> _Material provided_:

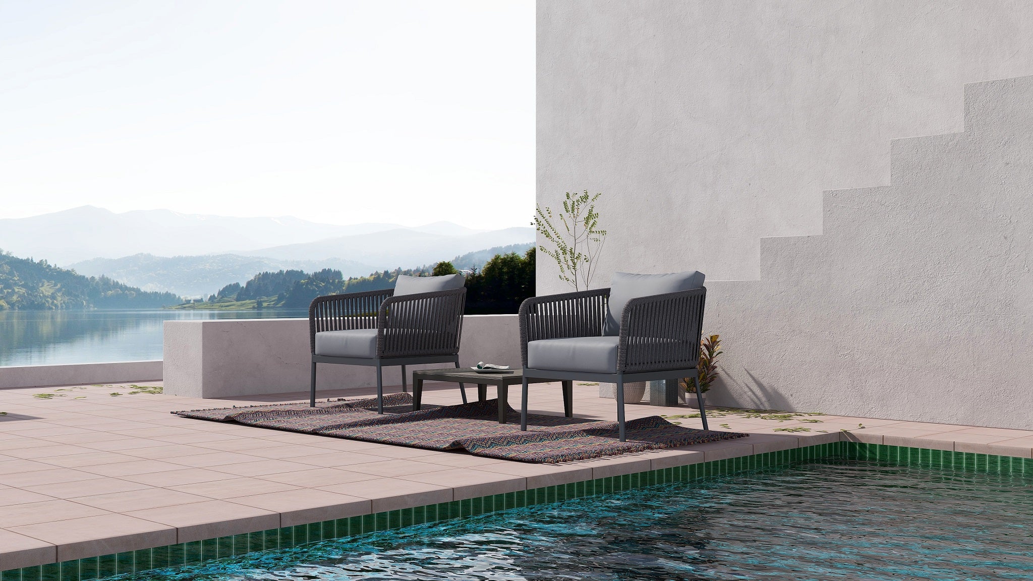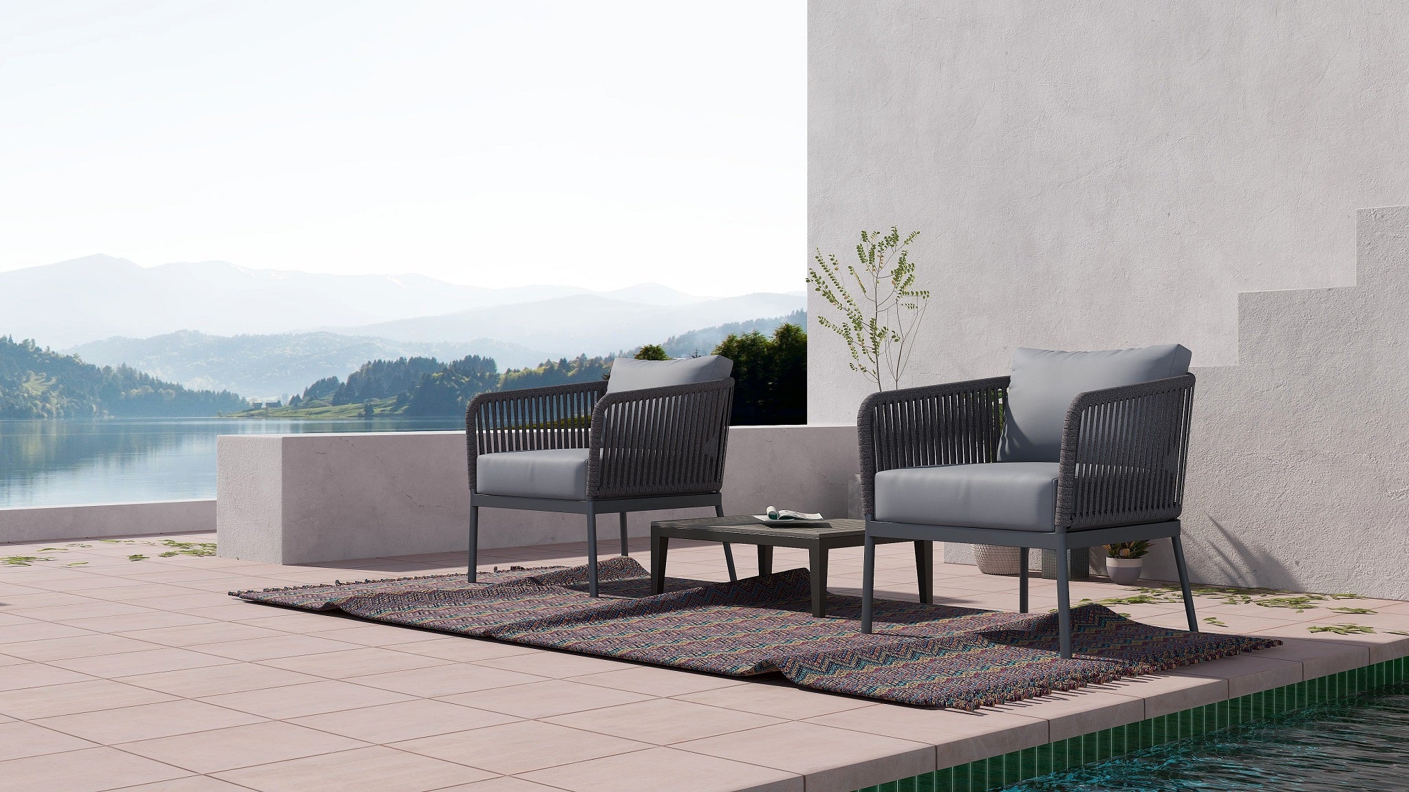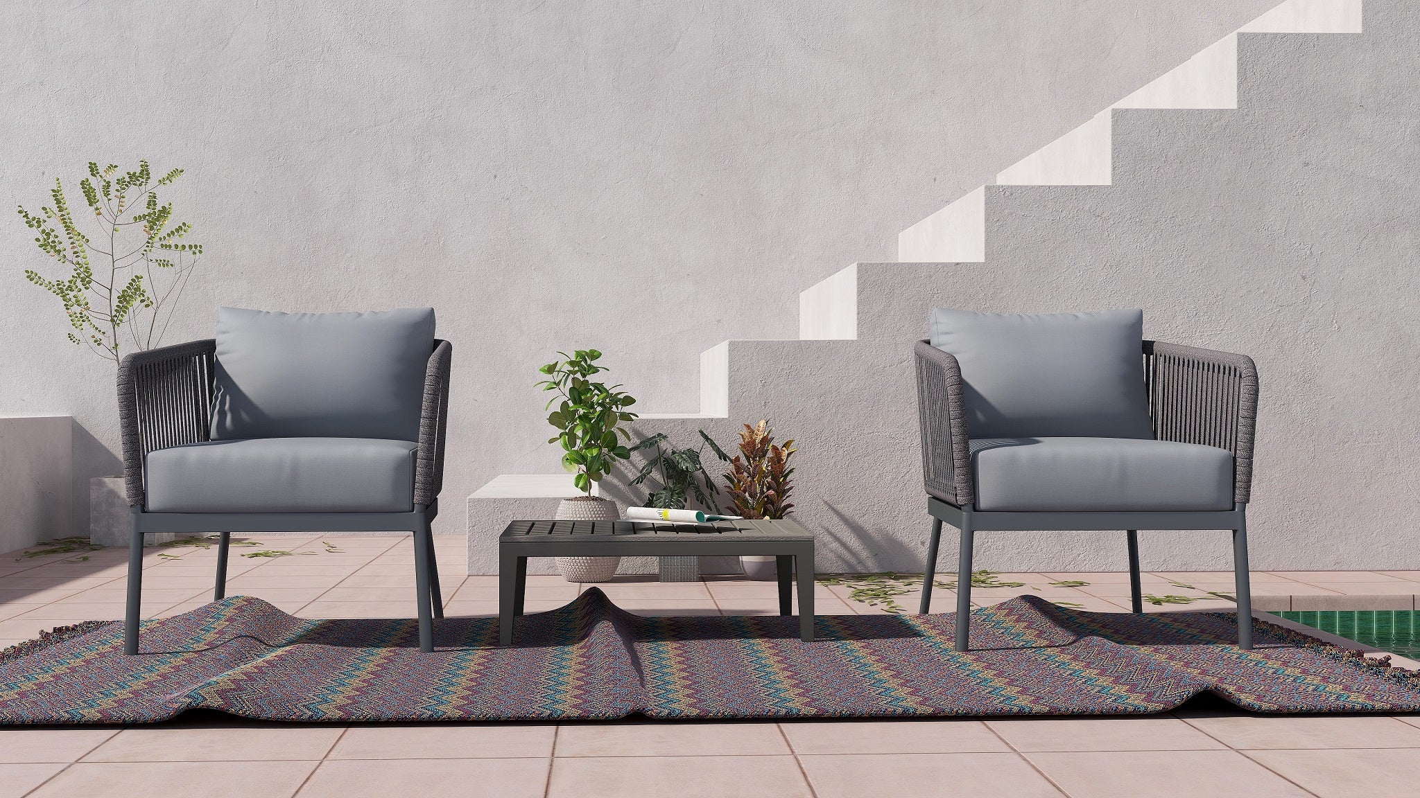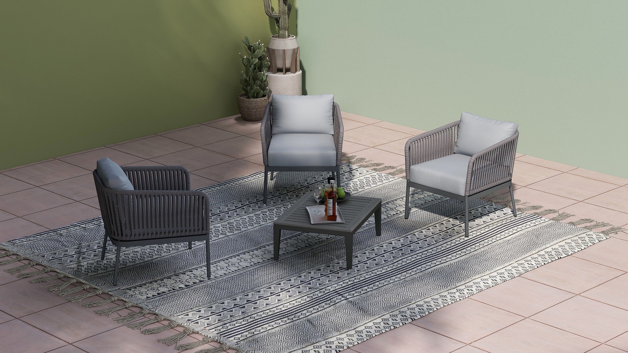 RopeVibe Patio Club Armchair with cushions are made from an attractive blend of materials aluminum and woven cord. RopeVibe line is setting new standards for multi flexible design and elegant, transparent and minimalistic design. Extremely comfortable and hard-wearing. These outdoor dining chairs beautifully transform any backyard, patio, balcony or terrace into an elegant outdoor dining area. Features superior quality woven rope. Include back rectangular cushion, and 12cm soft water-resistant seat cushions made from 100% Polyester Golden Peacock Outdoor Fabric Grade 3 (Weight: 248g/m2) for effortless relaxation throughout the summer season. With a sturdy frame, and beautiful design, this chair will have no problem blending into your outdoor decor with its modern style and incredible durability. It is easy to clean and no assembly is required.
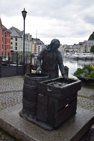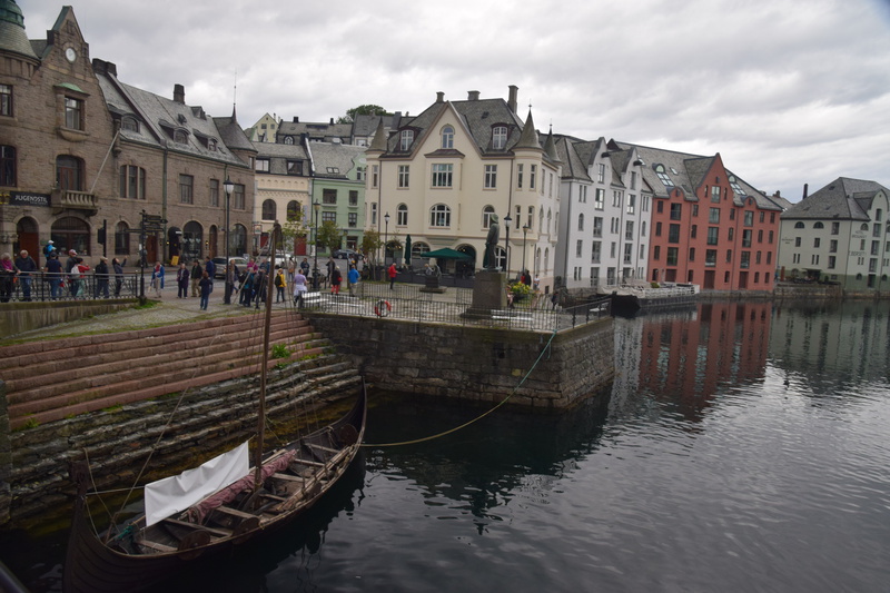 Regen, Regen, Regen!! Wir besuchen Hans-Jürgen. Es geht im besser, er hat die ganze Nacht geschlafen, die Schmerzen halten sich in Grenzen, das Bein ist nicht mehr so dick wie noch gestern. Gespräche mit dem ADAC sind in Gang. Wir verabschieden uns von den beiden und machen uns auf den Weg Alesund zu besichtigen. An so einem Regentag fängt man natürlich nicht mit einem Stadtrundgang an, nein besucht entweder ein Museum oder in unserem Fall das Alesund Aquarium. Dieses gilt als größte Aquarienanlage in ganz Skandinaven – an einem Morgen wir heute genau das Richtige und auch wirklich empfehlenswert. Zurück in der Stadt, es hat aufgehört zu regnen, machen wir einen 2stündigen Bummel durch die sehenswerte Altstadt mit vielen Jugendstilhäusern und kleinen Geschäften. Danach geht es zuerst mit „Gretchen“, anschließend zu Fuß auf den Aussichtsberg Aksla, wo man einen tollen Rundblick über die Stadt und alle vorgelagerten Inseln hat. Selbst bei diesem Wetter eindrucksvoll. Zurück bei „Gretchen“ fängt es wieder an zu regnen und wir fahren wieder zur Klinik. Hans-Jürgen und Christa strahlen – Hans-Jürgens Bein hat sich im Laufe des Tages so gut entwickelt, dass der Arzt sein ok für eine Heimfahrt mit dem eigenen Fahrzeug gegeben hat. Er selbst soll nicht fahren, aber der Arzt sieht kein Problem darin, wenn er daneben sitzt und sein Bein nach Möglichkeit hochlagert. Alle sind erleichtert! Wir bleiben diese Nacht noch mit Christa auf dem Parkplatz und setzen unsere Tour morgen fort.
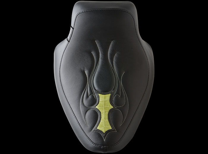 The Inferno Inlay shown features embossed pistachio gator on our Silhouette Solo with leather seating MSRP $458.00
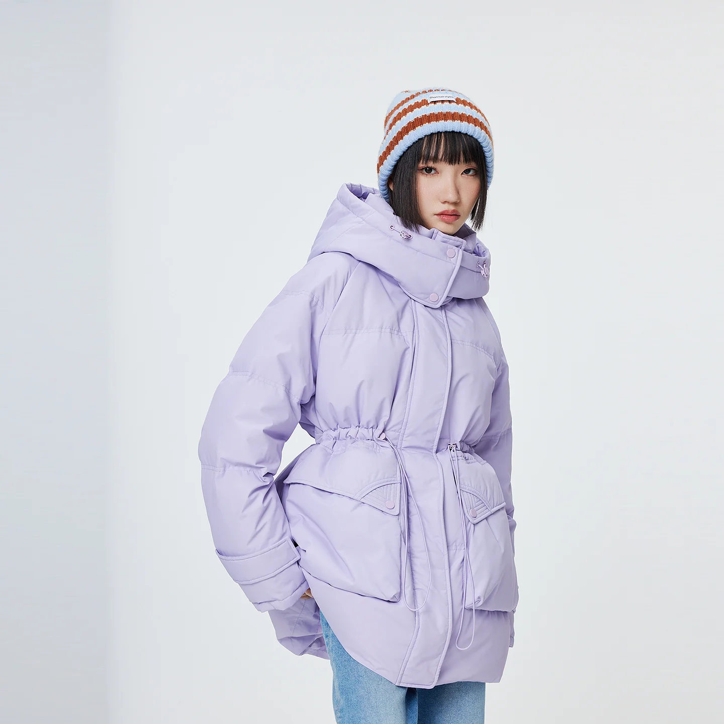 Metersbonwe 여성용 오버 사이즈 롱 후드 다운 재킷 조절 가능한 돼지 코 버클 허리 벨트 유틸리티 오리 다운 파카 따뜻한 겨울

> _Task directions_:
The data above must be written out again without alteration, and the pictures in them must be excluded.

> _Written solution_:
 RopeVibe Patio Club Armchair with cushions are made from an attractive blend of materials aluminum and woven cord. RopeVibe line is setting new standards for multi flexible design and elegant, transparent and minimalistic design. Extremely comfortable and hard-wearing. These outdoor dining chairs beautifully transform any backyard, patio, balcony or terrace into an elegant outdoor dining area. Features superior quality woven rope. Include back rectangular cushion, and 12cm soft water-resistant seat cushions made from 100% Polyester Golden Peacock Outdoor Fabric Grade 3 (Weight: 248g/m2) for effortless relaxation throughout the summer season. With a sturdy frame, and beautiful design, this chair will have no problem blending into your outdoor decor with its modern style and incredible durability. It is easy to clean and no assembly is required.
 Regen, Regen, Regen!! Wir besuchen Hans-Jürgen. Es geht im besser, er hat die ganze Nacht geschlafen, die Schmerzen halten sich in Grenzen, das Bein ist nicht mehr so dick wie noch gestern. Gespräche mit dem ADAC sind in Gang. Wir verabschieden uns von den beiden und machen uns auf den Weg Alesund zu besichtigen. An so einem Regentag fängt man natürlich nicht mit einem Stadtrundgang an, nein besucht entweder ein Museum oder in unserem Fall das Alesund Aquarium. Dieses gilt als größte Aquarienanlage in ganz Skandinaven – an einem Morgen wir heute genau das Richtige und auch wirklich empfehlenswert. Zurück in der Stadt, es hat aufgehört zu regnen, machen wir einen 2stündigen Bummel durch die sehenswerte Altstadt mit vielen Jugendstilhäusern und kleinen Geschäften. Danach geht es zuerst mit „Gretchen“, anschließend zu Fuß auf den Aussichtsberg Aksla, wo man einen tollen Rundblick über die Stadt und alle vorgelagerten Inseln hat. Selbst bei diesem Wetter eindrucksvoll. Zurück bei „Gretchen“ fängt es wieder an zu regnen und wir fahren wieder zur Klinik. Hans-Jürgen und Christa strahlen – Hans-Jürgens Bein hat sich im Laufe des Tages so gut entwickelt, dass der Arzt sein ok für eine Heimfahrt mit dem eigenen Fahrzeug gegeben hat. Er selbst soll nicht fahren, aber der Arzt sieht kein Problem darin, wenn er daneben sitzt und sein Bein nach Möglichkeit hochlagert. Alle sind erleichtert! Wir bleiben diese Nacht noch mit Christa auf dem Parkplatz und setzen unsere Tour morgen fort.
 The Inferno Inlay shown features embossed pistachio gator on our Silhouette Solo with leather seating MSRP $458.00
 Metersbonwe 여성용 오버 사이즈 롱 후드 다운 재킷 조절 가능한 돼지 코 버클 허리 벨트 유틸리티 오리 다운 파카 따뜻한 겨울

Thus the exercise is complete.